Tag Archives: CRL

Softening the Downside of Uncertain News: Part 3

In our last blog entry we discussed the difference between receiving an approval letter and a Complete Response Letter (CRL) from the FDA. Now we will examine what information a publicly traded company must disclose once they receive an approval letter or CRL.

The FDA does not regulate the information a company must disclose regarding approval letters or CRLs sent by the agency. Publically traded companies are however regulated by the Securities and Exchange Commission (SEC) which states that these companies are obligated to disclose information considered to be material, with the potential to impact stock price.

 In the case of the FDA and the issuing of an approval letter or CRL, a company would naturally want to announce they had received an approval letter from the FDA since it is positive news which could positively affect their stock price. However, if a company receives a CRL, which could indicate that there may be an issue(s) that need(s) addressing before a final decision can be made, they have to decide what information contained within the CRL is material.

This can be a challenge because omitting material information opens companies up to possible litigation. Since there is not a clear definition of material information, it is left up to the company to decide which information contained within the CRL would be relevant to a reasonable investor.

In our next blog entry, we will examine the potential strategy behind Salix’s timing of their two press releases and examine some of the potential reasons behind their strategy.

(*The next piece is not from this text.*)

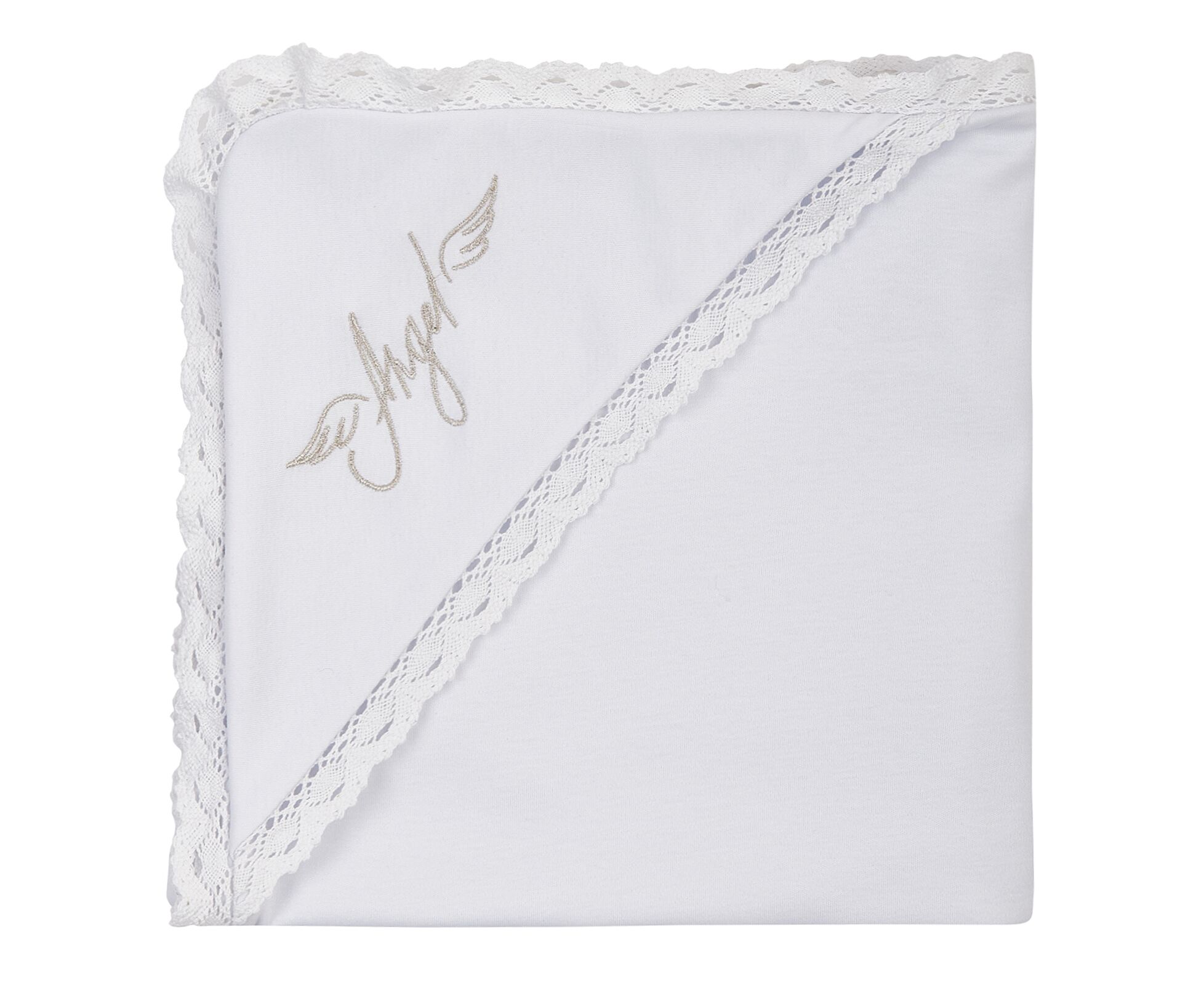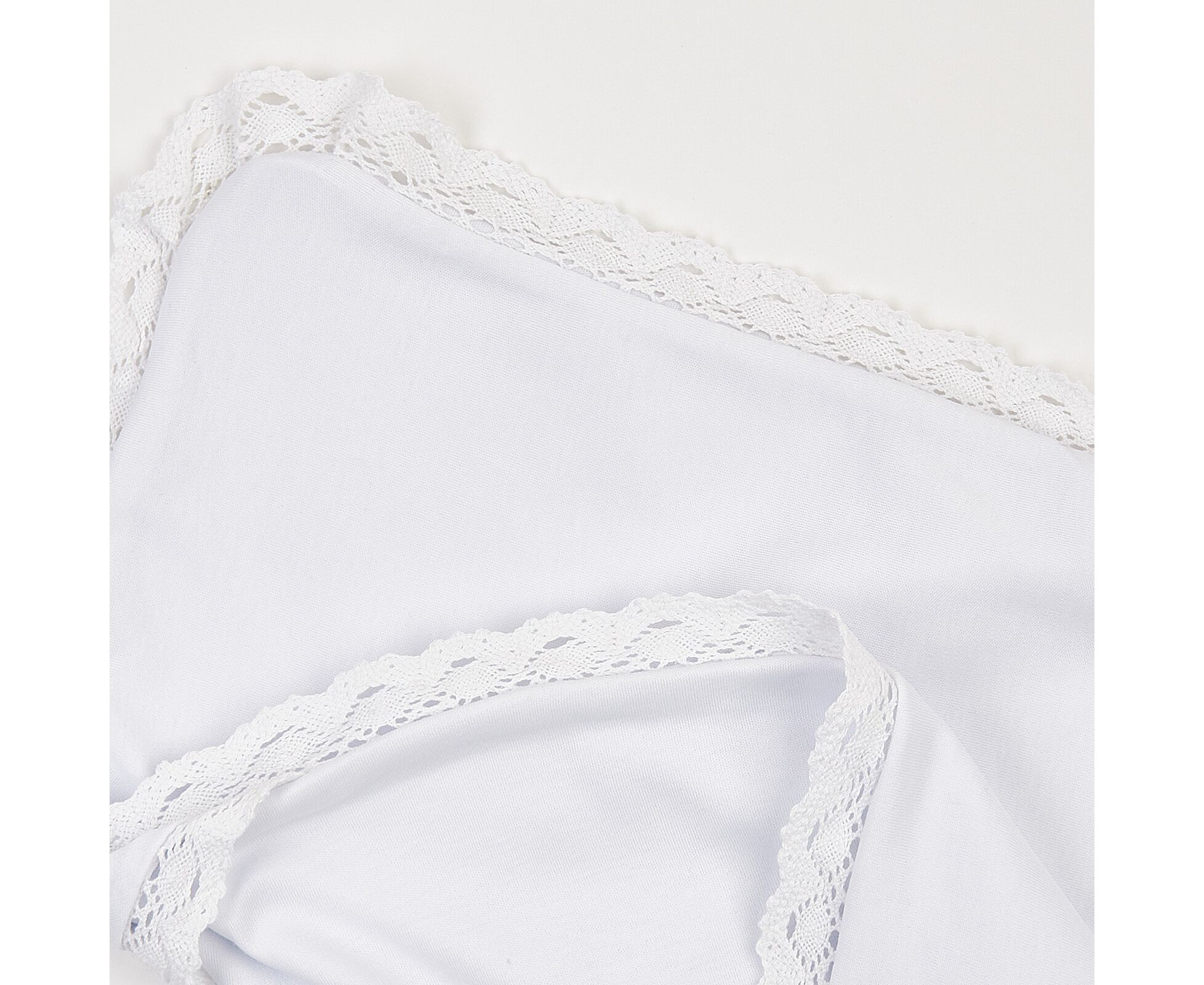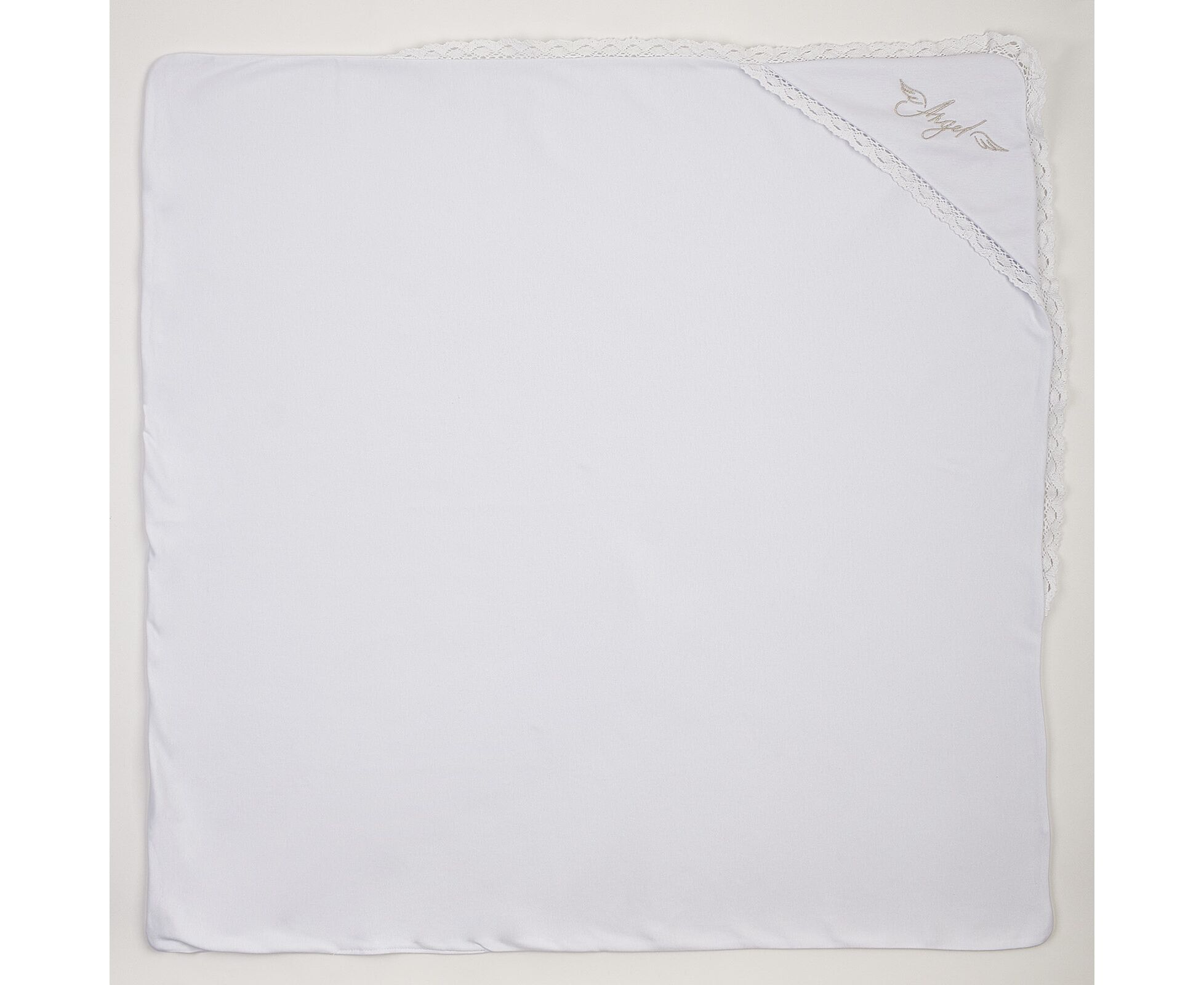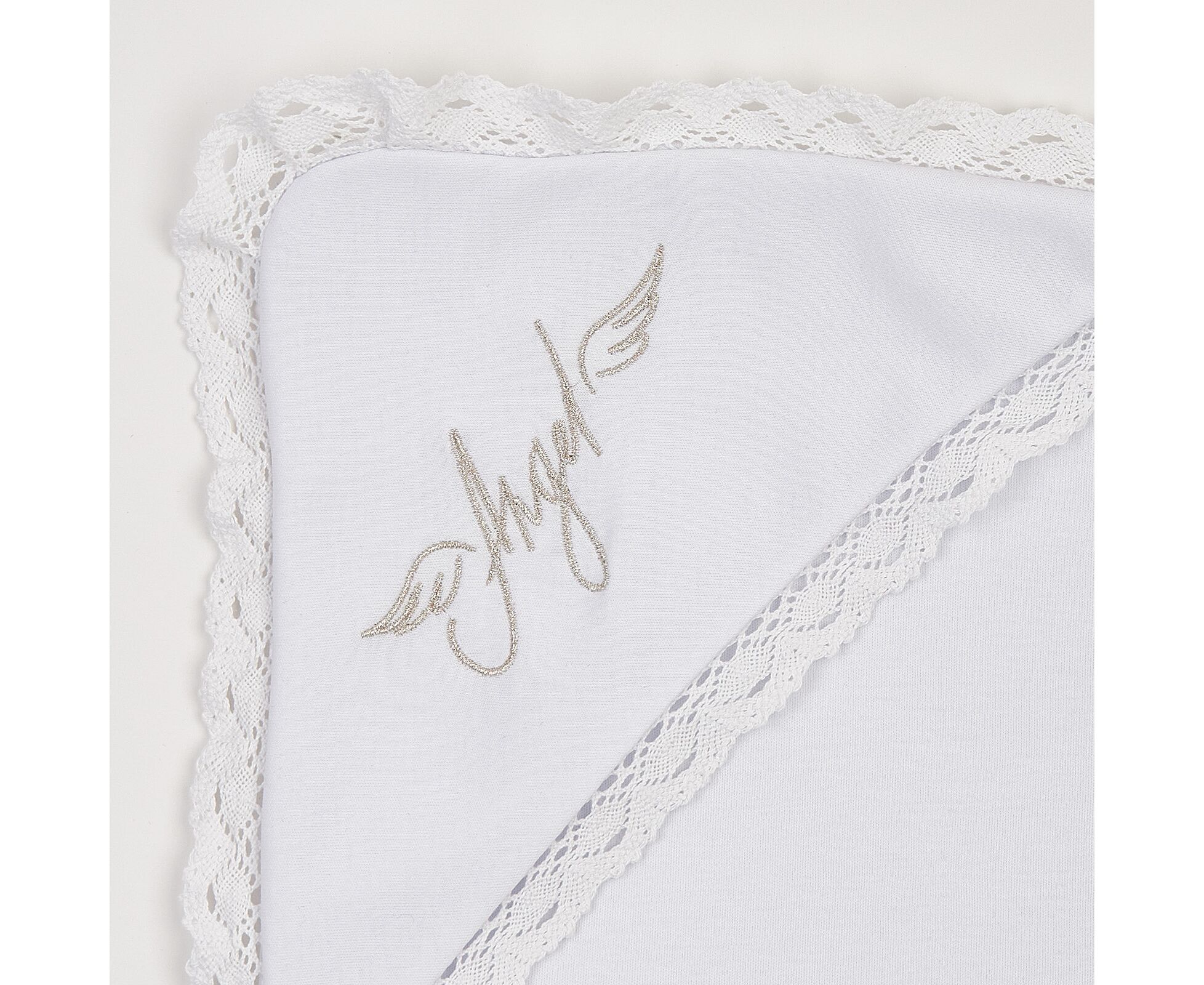 Крижма для хрещення новонароджених. Виготовлена з дуже приємної на дотик трикотажної бавовняної тканини преміум якості - інтерлок (два шари - і верх, і підкладка), з куточком, прикрашеним блискучою вишивкою та широким лляним мереживом по всьому периметру виробу.

**We encourage you to post your thoughts and questions following each entry to help enrich the discussion and help round out the topic. **

Softening the Downside of Uncertain News: Part 2

In our last entry, we focused our attention on Salix Pharmaceuticals and the timing of their two press releases, one to announce that they anticipated receiving a Complete Response Letter (CRL) and one to announce they received a CRL from the FDA.

The question is: why did Salix announce the CRL before they received it? In order to determine the strategy behind these announcements, it is important that we understand what a CRL is, versus an approval

When the FDA issues an approval letter, they are informing the applying company that the review cycle for their New Drug Application (NDA) is complete and the drug has been approved and can now be marketed. When the FDA issues a CRL, it is to inform a company that the review cycle for their NDA is complete, but that deficiencies, which the agency has identified in the application or abbreviated application, must be satisfactorily addressed before it can be approved.  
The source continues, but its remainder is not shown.